**What is expected**
Word for word, please copy the line containing "近日,中共江西省委宣传部、江" and all lines after it in the entries below, and only those, leaving every picture out.

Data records
►

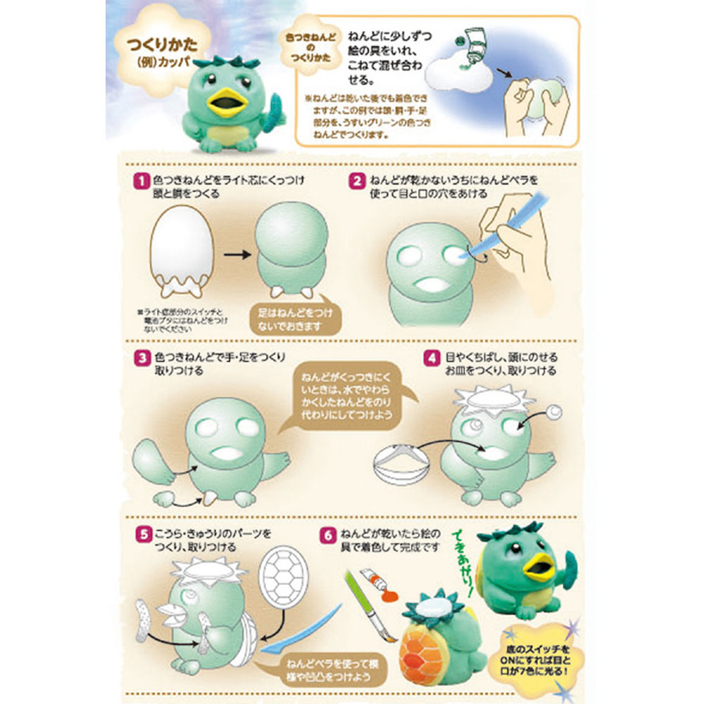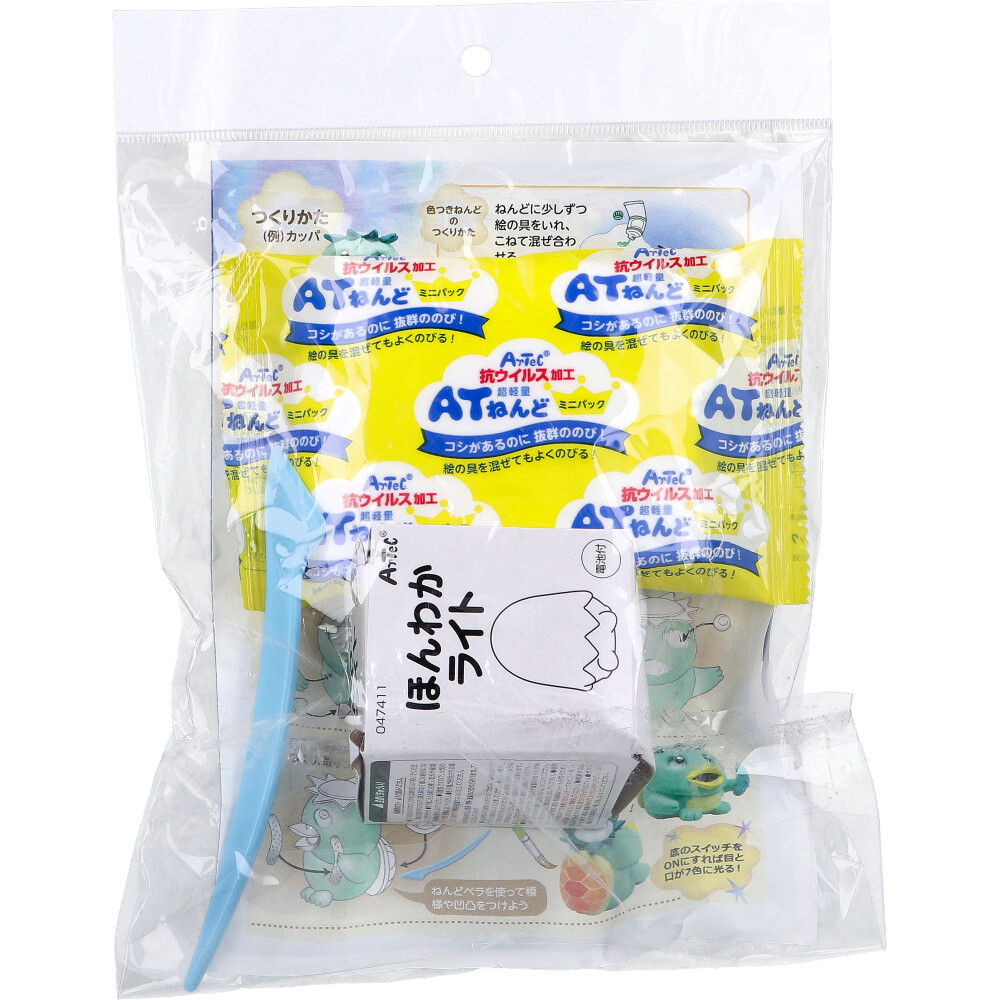 | 素材 | 【セット内容】 ・ATねんどミニパック×1 ・ほんわかライト(ボタン電池3個付)×1 ・ねんどベラ×1 【用意するもの】 水彩絵の絵の具など。 【材質】 樹脂中空体、パルプ、PVC 【サイズ】 ・ほんわかライト:51×53×58mm ・ATねんどミニパック:約80×60×20mm |
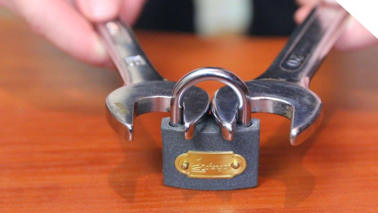 O nome é complicado mas esse truque para abrir o cadeado é bem simples! Vamos começar a te ensinar a abrir cadeado desta maneira porque acreditamos que seja a mais simples a se fazer. Ela é ótima para abrir cadeado pequeno, mas também serve para os grandes. Tenha em mãos um cadeado fechado, duas chaves de boca, aquelas de retirar parafusos. Também é bom ter alguns pedaços de ferro nas mãos para isso.
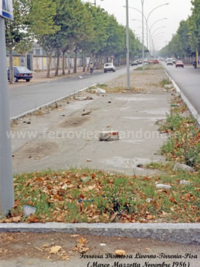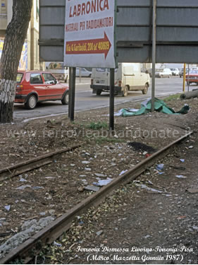 Ex-sedime abbandonato prima dell'attraversamento di via Cesare Battisti a Pisa (M. Mazzotta, 1989)
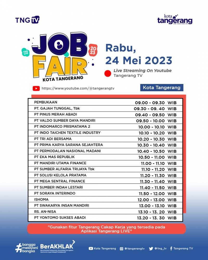 "Bagi para pencari kerja yang ingin mengetahui informasi terkait 18 perusahaan yang membuka lowongan. Seperti, lowongan apa saja yang dibuka, sistem kerjanya, atau bahkan ingin berinteraksi tanya jawab dengan perusahaan yang dituju. Pencari kerja bisa memanfaatkan siaran live streaming channel youtube Tangerang TV mulai pukul 09.00 WIB hingga selesai," jelasnya.
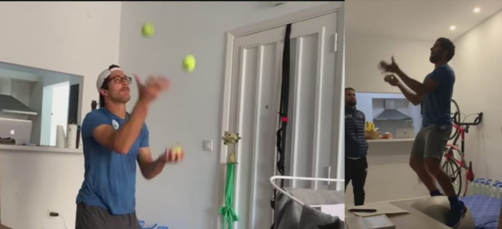 Es “como si fuera un entrenamiento normal y sin cuarentena. Hacemos trabajo en tierra que podemos aplicar al agua una vez volvamos a la piscina”, explica.
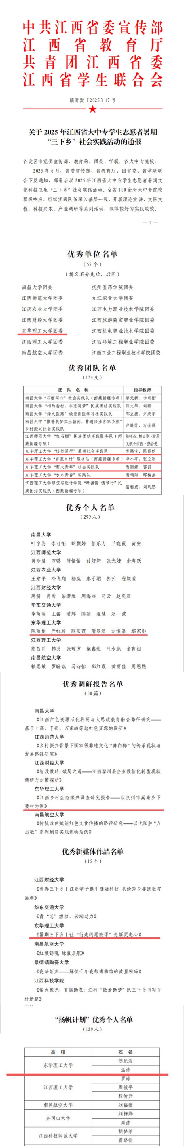近日,中共江西省委宣传部、江西省教育厅、共青团江西省委、江西省学生联合会四部门联合发布了《2025年江西省大中专学生志愿者暑期“三下乡”社会实践活动的通报》(赣青联发〔2025〕17号),东华理工大学在多项评选中表现突出,荣获集体与个人多项省级荣誉。
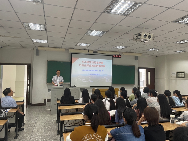 梅均以“在不确定性的世界里把握住择业就业的确定性”为题,紧密结合当前形势和实际,从正确看待疫情三年来的影响、当前就业形势与自身就业质量、打造独一无二的闪亮名片、展示最完美的自我、带上自信上路等五个方面进行了深入浅出的讲解。整个报告视野宽阔、案例丰富、数据详实,具有很强的针对性、实践性和指导性。
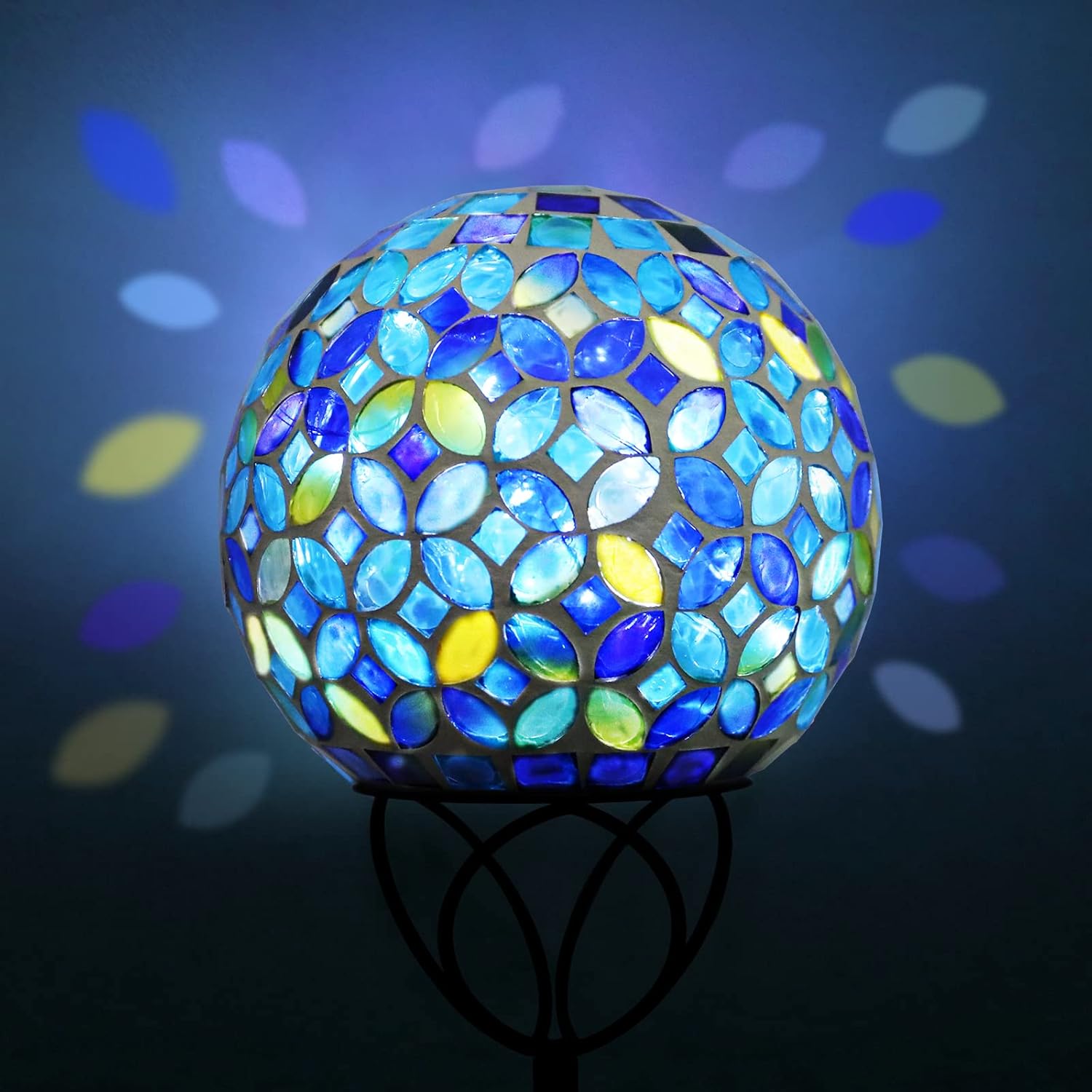 VCUTEKA Solar Outdoor Lights Garden Decor Mosaic Solar Garden Lights Waterproof Glass Ball LED Pathway Stake Light for Landscape Lawn Patio Yard Decoration 6 inch, Blue
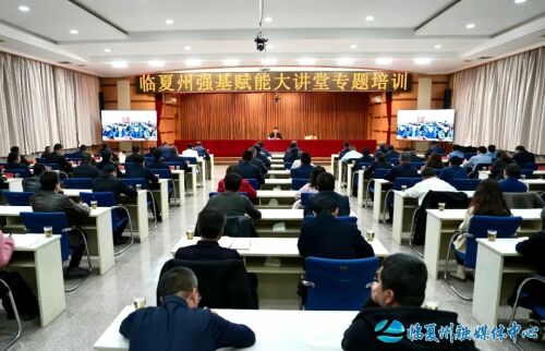 州领导万学科、杨福波、马斌、张自贤、郭海泉、李鹏、马显锋在主课堂参加,李勇在积石山县分课堂参加,州委常委、州委组织部部长黄海龙主持。

◄

**Response**
近日,中共江西省委宣传部、江西省教育厅、共青团江西省委、江西省学生联合会四部门联合发布了《2025年江西省大中专学生志愿者暑期“三下乡”社会实践活动的通报》(赣青联发〔2025〕17号),东华理工大学在多项评选中表现突出,荣获集体与个人多项省级荣誉。
 梅均以“在不确定性的世界里把握住择业就业的确定性”为题,紧密结合当前形势和实际,从正确看待疫情三年来的影响、当前就业形势与自身就业质量、打造独一无二的闪亮名片、展示最完美的自我、带上自信上路等五个方面进行了深入浅出的讲解。整个报告视野宽阔、案例丰富、数据详实,具有很强的针对性、实践性和指导性。
 VCUTEKA Solar Outdoor Lights Garden Decor Mosaic Solar Garden Lights Waterproof Glass Ball LED Pathway Stake Light for Landscape Lawn Patio Yard Decoration 6 inch, Blue
 州领导万学科、杨福波、马斌、张自贤、郭海泉、李鹏、马显锋在主课堂参加,李勇在积石山县分课堂参加,州委常委、州委组织部部长黄海龙主持。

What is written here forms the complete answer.